Tuesday, February 4, 2014

Frugal or Feudal? Taper terrors and the costs that bind us

For many in my generation, and the up and coming generations, home ownership is a dream that is perpetually getting further and further out of reach even for those making decent currency. The baby boomer generation, along with foreign speculators, eyeing "profits", "pensions" and "home equity" the entire way has in exchange for their perceived wealth ensured their descendants live a life of uncertainty and servitude. There is a clear cut off line: those who pay less today for more, and those who will be paying more for less. The government has symbolically defined this line as those who will now be eligible for OAS at 67, instead of 65.

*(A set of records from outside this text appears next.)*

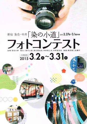 また、平成27年はこのイベントに目白大学がタイアップして、本学主催の「染の小道フォトコンテスト」なるイベントを開催しました。こちらは3月2日から3月31日までの期間で109件の応募があり、入選者には最優秀賞で2万円相当の賞品が贈られました。
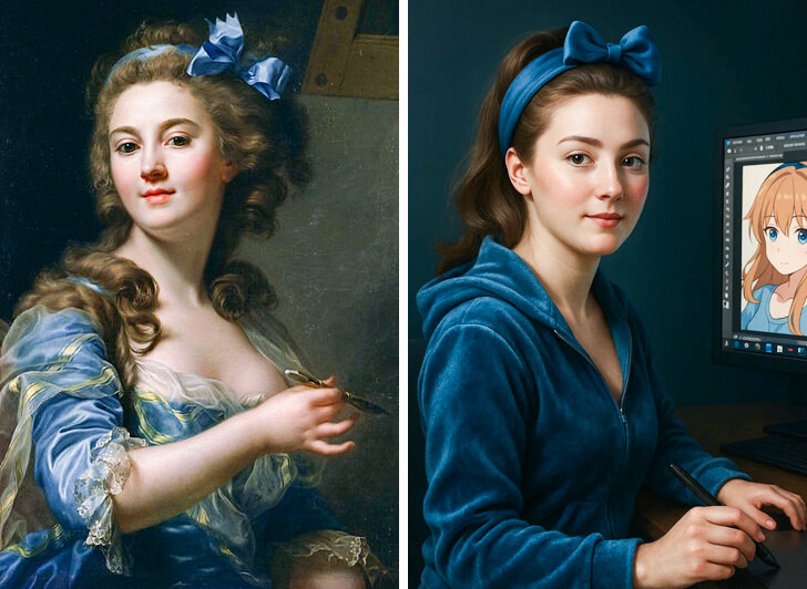 Estamos tan acostumbrados a ver a los personajes de la pintura clásica como figuras inmóviles de un pasado lejano, que rara vez los imaginamos de otra forma. Pero basta con pensar cómo serían en pleno siglo XXI, con un corte de cabello moderno, ropa con estilo y accesorios actuales, y ocurre la magia. Un noble severo se transforma en un programador con onda, mientras que una dama altiva parece sacada de las redes sociales. Este proyecto deja algo muy claro, hay muchas menos diferencias entre nosotros y los personajes de los cuadros antiguos de lo que creemos.
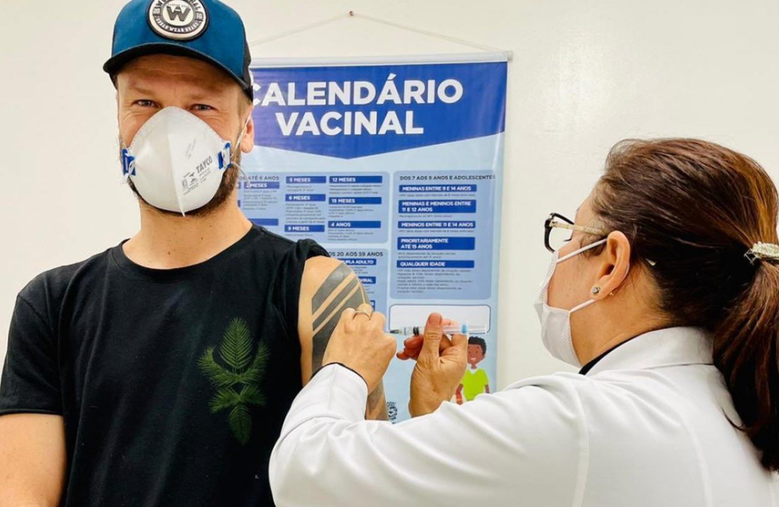 Rodrigo Hilbert, de 41 anos, foi vacinado contra a covid-19 nesta terça-feira, 6. O apresentador da GNT compartilhou uma foto do momento nas redes sociais.
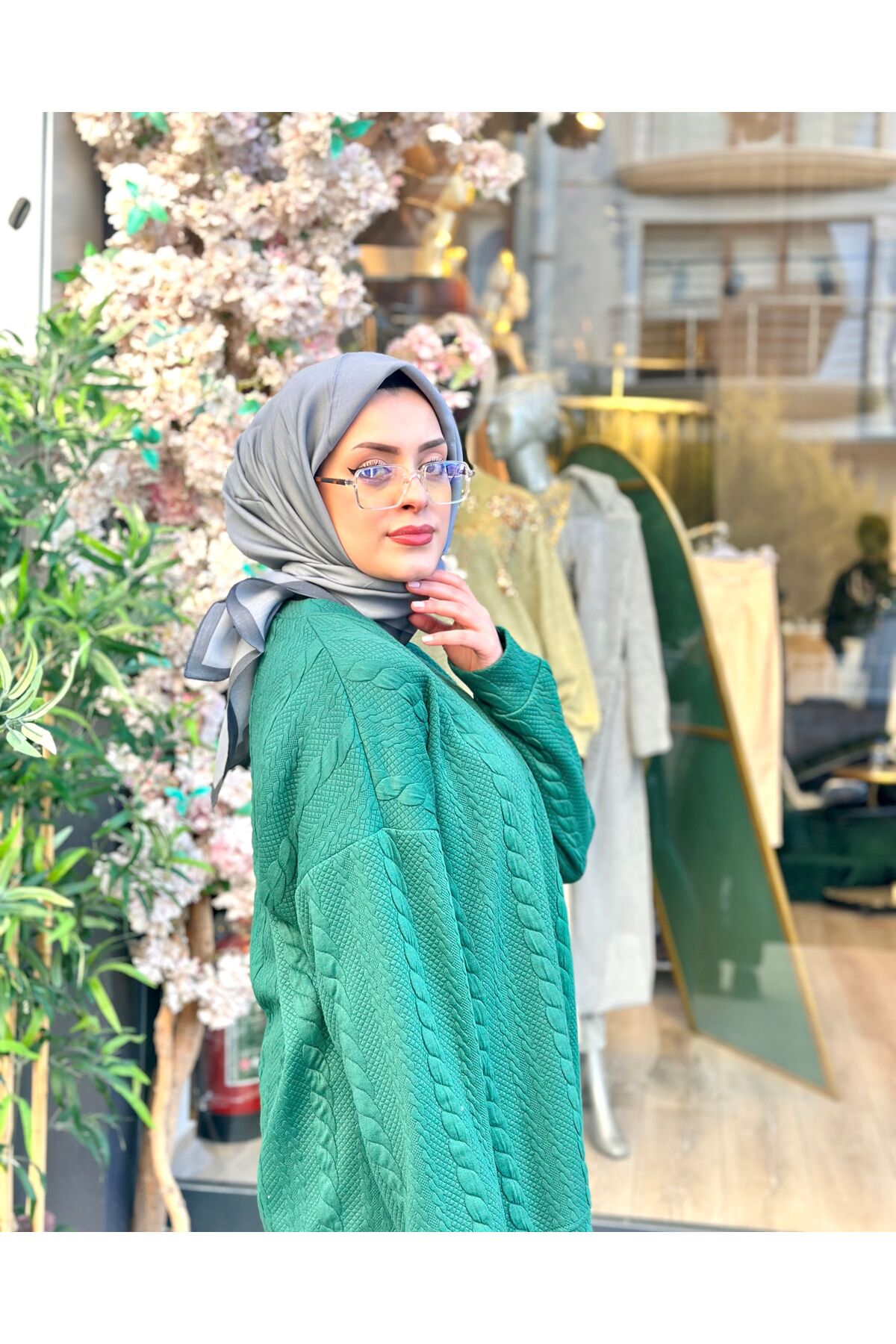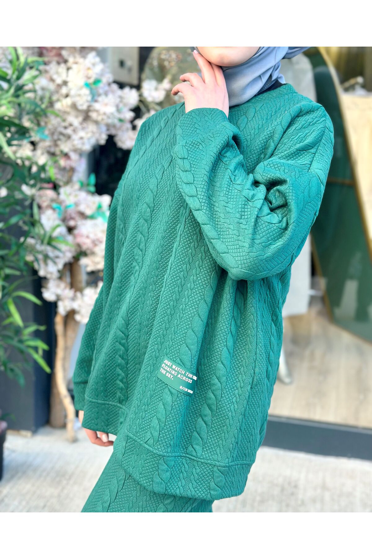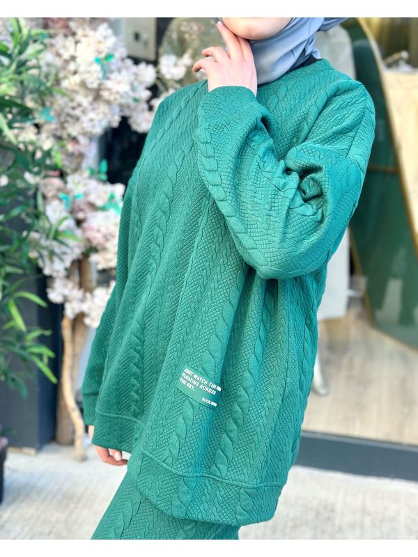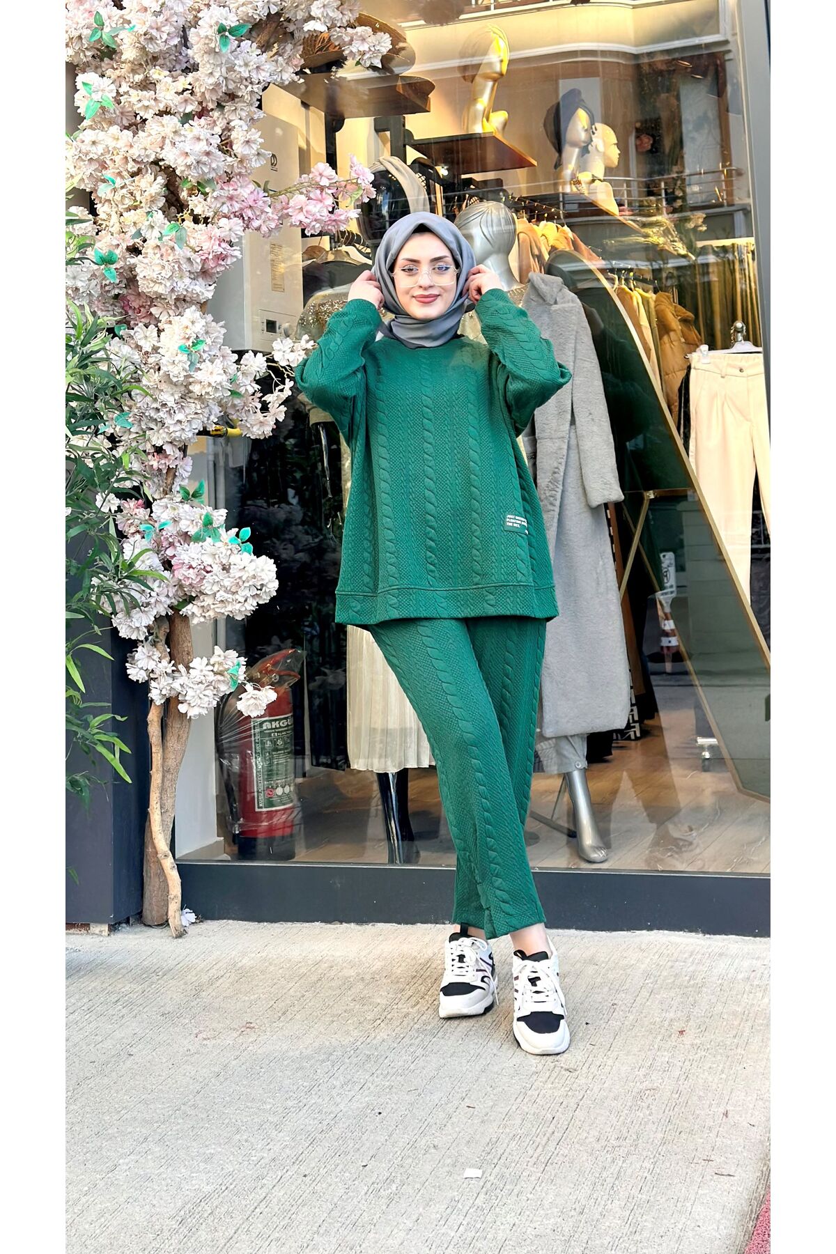 KNITTED PATTERNED LABELED SUIT COLOR: BEIGE AND EMERALD GREEN PRODUCT LENGTH: BLOUSE LENGTH: 73 CM, TROUSER LENGTH: 93 CM. IT HAS A ROUND COLLAR BLOUSE WITHOUT POCKETS, BUTTON DETAILS ON THE CANDLE.
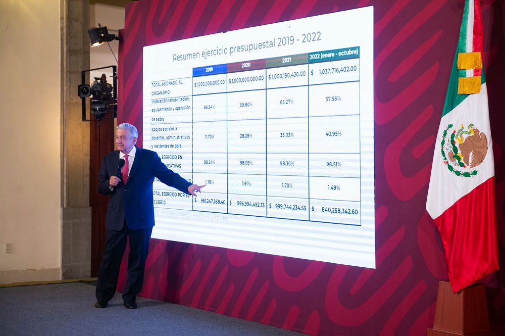 “Estoy muy orgulloso de las Universidades Benito Juárez. Es uno de los mejores programas del gobierno; (…) un ejemplo de que, cuando se maneja el presupuesto con honestidad, rinde”, expresó el jefe del Ejecutivo.
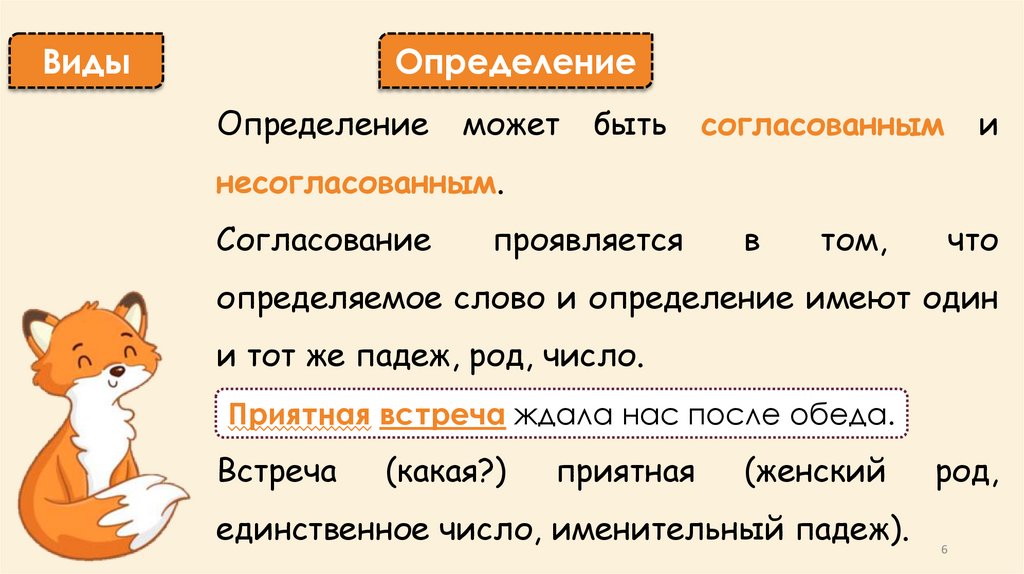 1. Определение как второстепенный член предложения и его виды. Определения согласованные и несогласованные.
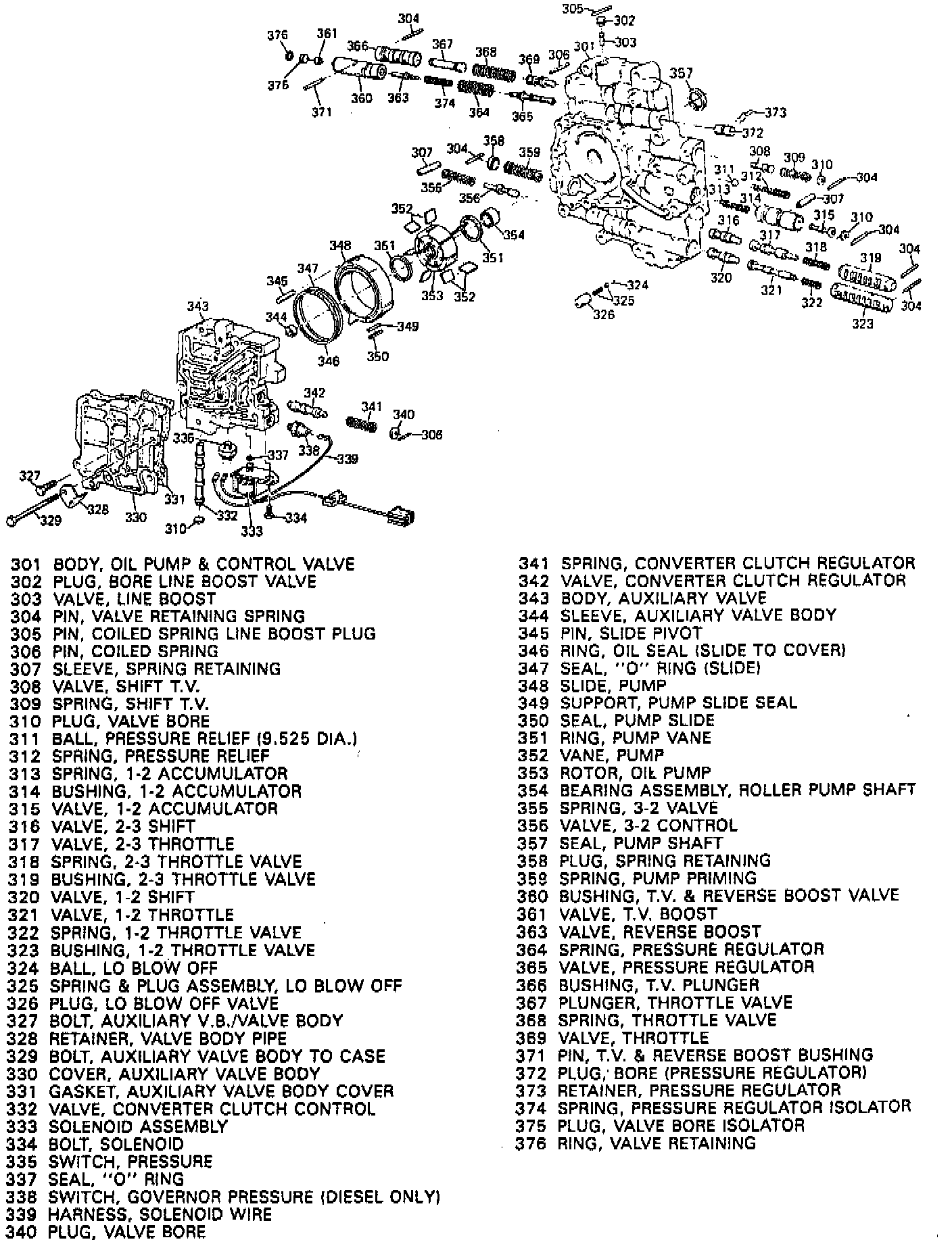 3. Assembly of pump and auxiliary valve body is the reverse of disassembly. When assembled, attach auxiliary valve body to valve body with new gasket, then install cover with retaining bolts. Refer to "Torque Specifications Chart" for torque values.
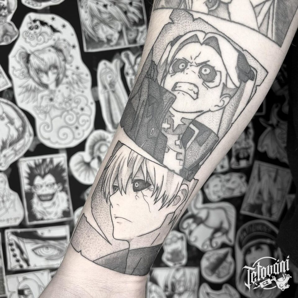Tetování anima postavička, portrét, žena Kaneki Ken a Rebecca na předloktí
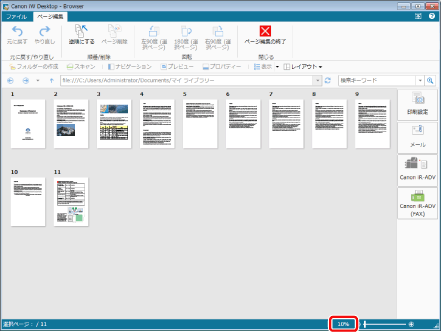 ホイールマウスを使用している場合、プレビューウィンドウ上で[Ctrl]キーを押しながらホイールを回転すると、表示倍率を10%ごとに変更できます。前回転で拡大表示、後回転で縮小表示できます。
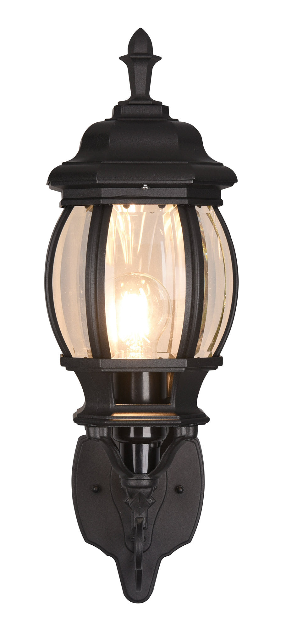 Elvo Applique Da Esterno Up Bombata Fusione di Alluminio Nera e Vetro Trasparente H. 49Cm Ip44
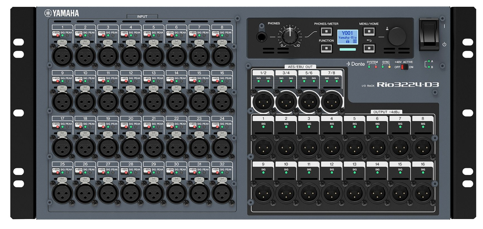 Le Yamaha Rio3224-D3 est un rack d’entrées/sorties audio conçu pour les systèmes numériques Dante comme la Yamaha DM3. Avec ses 32 entrées, 16 sorties analogiques et 8 sorties numériques AES/EBU, il garantit une configuration flexible et fiable. Doté d’une alimentation redondante et d’une prise casque intégrée, ce modèle offre une qualité sonore exceptionnelle et une grande polyvalence, idéale pour les professionnels de l’audio.

But this line defines much more than just when you will be eligible for OAS, it defines a whole new class of people that are plagued by low interest rates and can't save a penny due to the supposed need for more inflation. It defines a class of person that between student loans and mortgages are leveraged up to their eyeballs before you even consider the impossible task of trying to estimate how badly central banks will have devalued their savings and investments before a retirement which already many are grouping into the "dream" of home ownership.

Baby boomers who have benefited from their speculated self-fulfilled profit prophecy of house flipping and money for nothing now have some advice for the generation priced out of the market: you'll just have to rent.
If Canadians have a preoccupation these days, apart from the winter weather, it seems to be real estate. Specifically: the ever-rising prices in most of our big cities.

Is this a bubble? Will there be a crash, or a so-called soft landing? No one really knows.

For generations, we've cultivated the home-ownership dream — the idea that rising house prices are a measure of the country's overall prosperity and one's own financial security.

Buying a home is what you do as an adult — it is how you settle down and raise a family.

It's also a good investment, and often a ticket to a secure retirement. Social pressure, government policy and, recently, historically low interest rates have encouraged all of that.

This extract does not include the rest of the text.